• Drug Metab. Dispos. · Sep 1985

    Stereoselective aspects in the pharmacokinetics and pharmacodynamics of acenocoumarol and its amino and acetamido derivatives in the rat.

    • H H Thijssen, L G Baars, and M J Drittij-Reijnders.
    • Drug Metab. Dispos. 1985 Sep 1; 13 (5): 593-7.

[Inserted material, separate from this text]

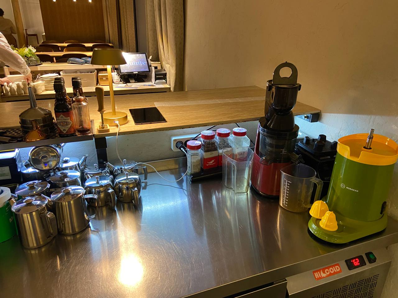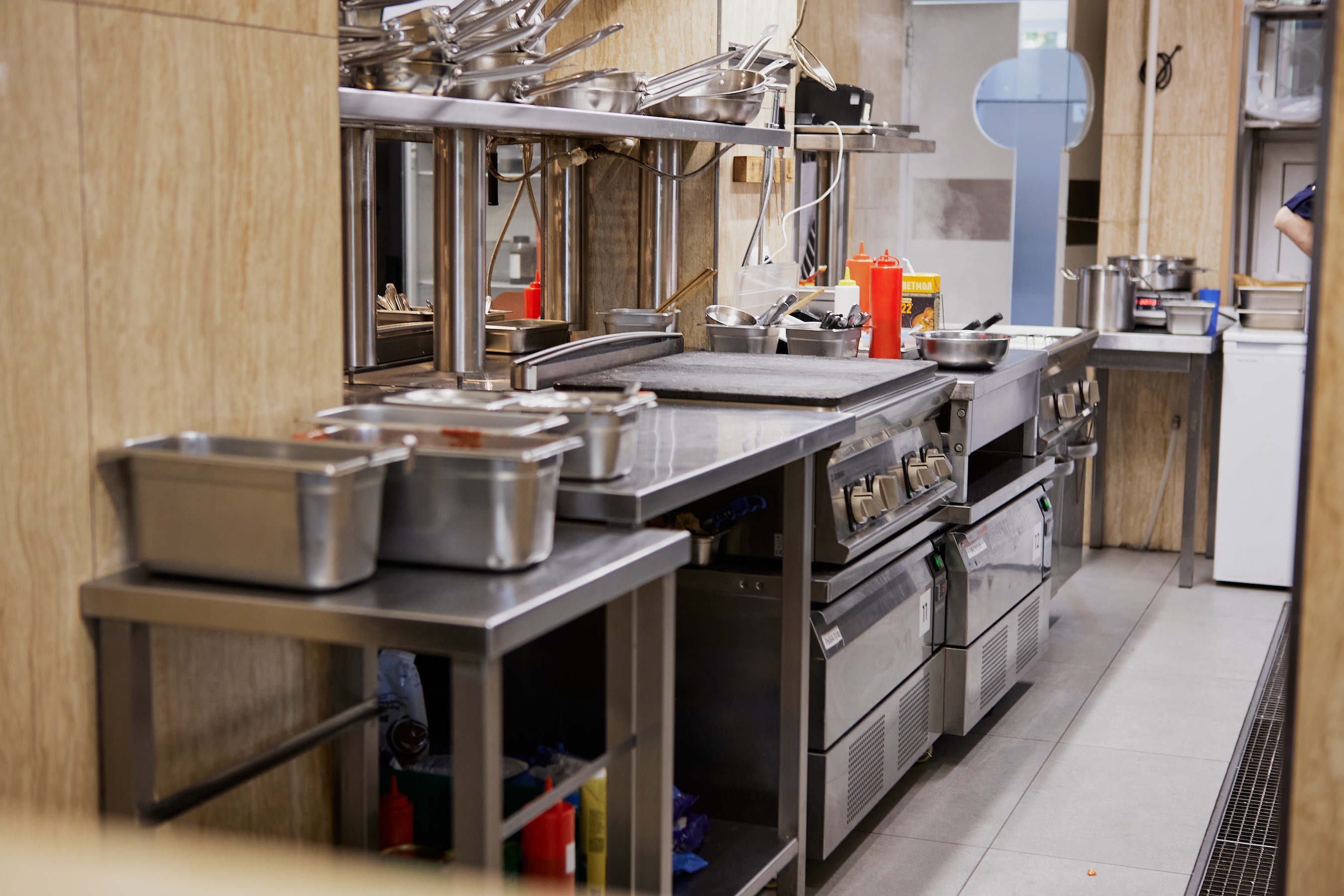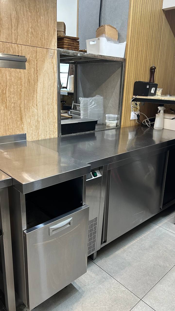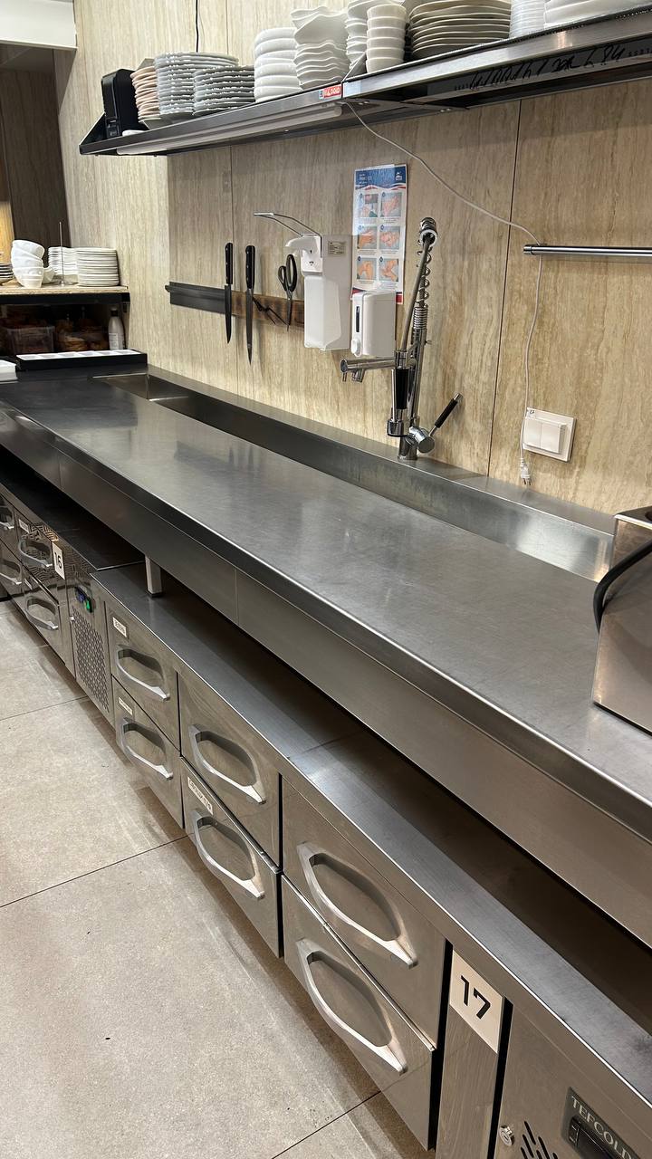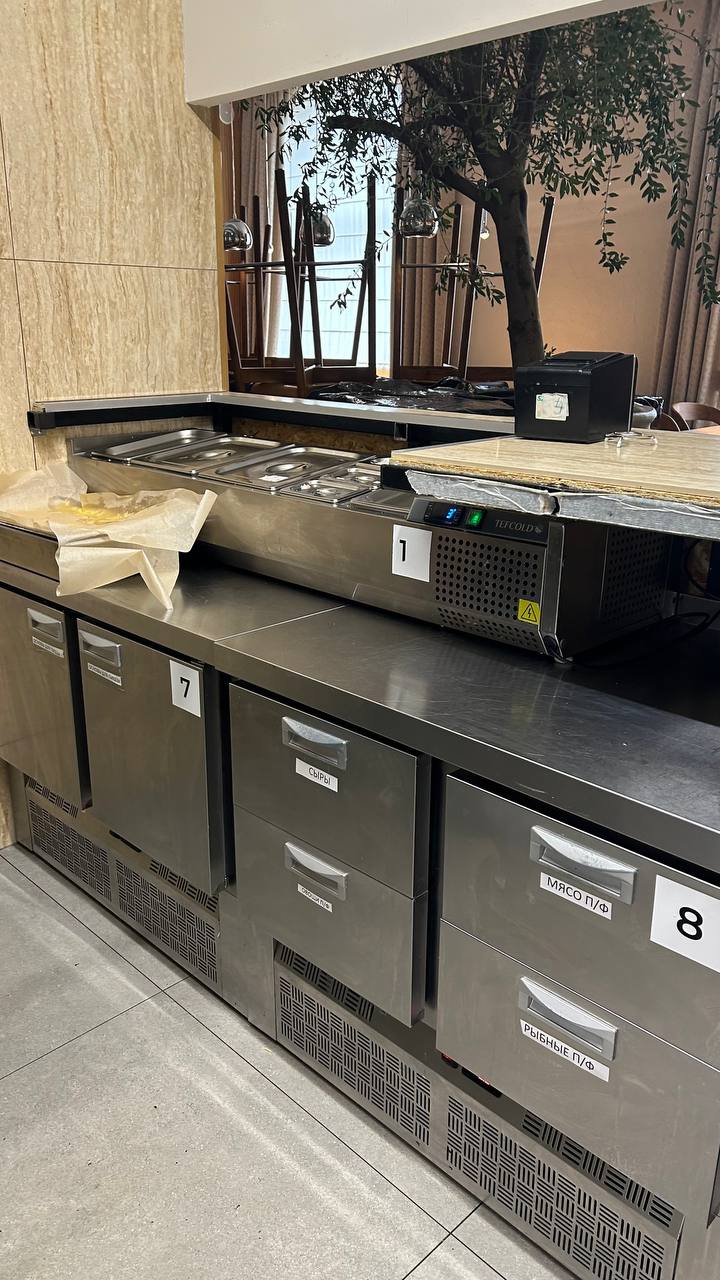 - Нестандартное нейтральное оборудование с встроенными узкими незаметными длинными пристенными мойками, чтобы увеличить рабочее пространство на столешницах, изготовленное по спецзаказу согласно пожеланий шеф-повара, по аналогии с ресторанным европейским оборудованием: полки со вставками между колоннами и столы-нейтрали с встроенными мойками установленные на низкие холодильные столы TEFCOLD на горячем острове и в холодном цехе.

    AbstractThe stereoselectivity of the pharmacokinetics and of the pharmacodynamics of the oral anticoagulant acenocoumarol (AC) and of two of its potential metabolites, the amino (AM) and the acetamido (AA) derivatives, were investigated in the rat. The pharmacokinetics and pharmacodynamics were investigated following the acute subcutaneous (1 mg/kg) administration of the pure enantiomers. For AC and AA, the S(-)-enantiomer was preferentially eliminated, whereas for AM the R(+)-enantiomer showed the shortest half-life. The differences in elimination between the AC enantiomers were entirely due to differences in total clearance, 183 +/- 14 and 714 +/- 148 ml X h-1 X kg-1 (+/- SD) for R(+)- and S(-)-AC. Also the differences in elimination between the AM enantiomers were mainly due to differences in body clearance, 50 +/- 13 and 18 +/- 4 ml X h-1 X kg-1 for R(+)- and S(-)-AM. For S(-)-AA the higher total clearance as well as the smaller volume of distribution accounted for its 2-fold higher rate of elimination. Acetylation of AM, i.e. the conversion to AA, which accounted for about 50% of its total clearance was stereoselective for R(+)-AM. The renal clearance of AA which accounted for 50-60% of the AA clearance was not selective for one of the AA enantiomers. Stereoselectivity in plasma protein binding was observed, the differences, however, were small. Thus, stereoselectivity in plasma protein binding did not account for the observed differences in the pharmacokinetics. The differences in anticlotting activity between the enantiomers of AC and AM were determined mainly by their pharmacokinetics.(ABSTRACT TRUNCATED AT 250 WORDS)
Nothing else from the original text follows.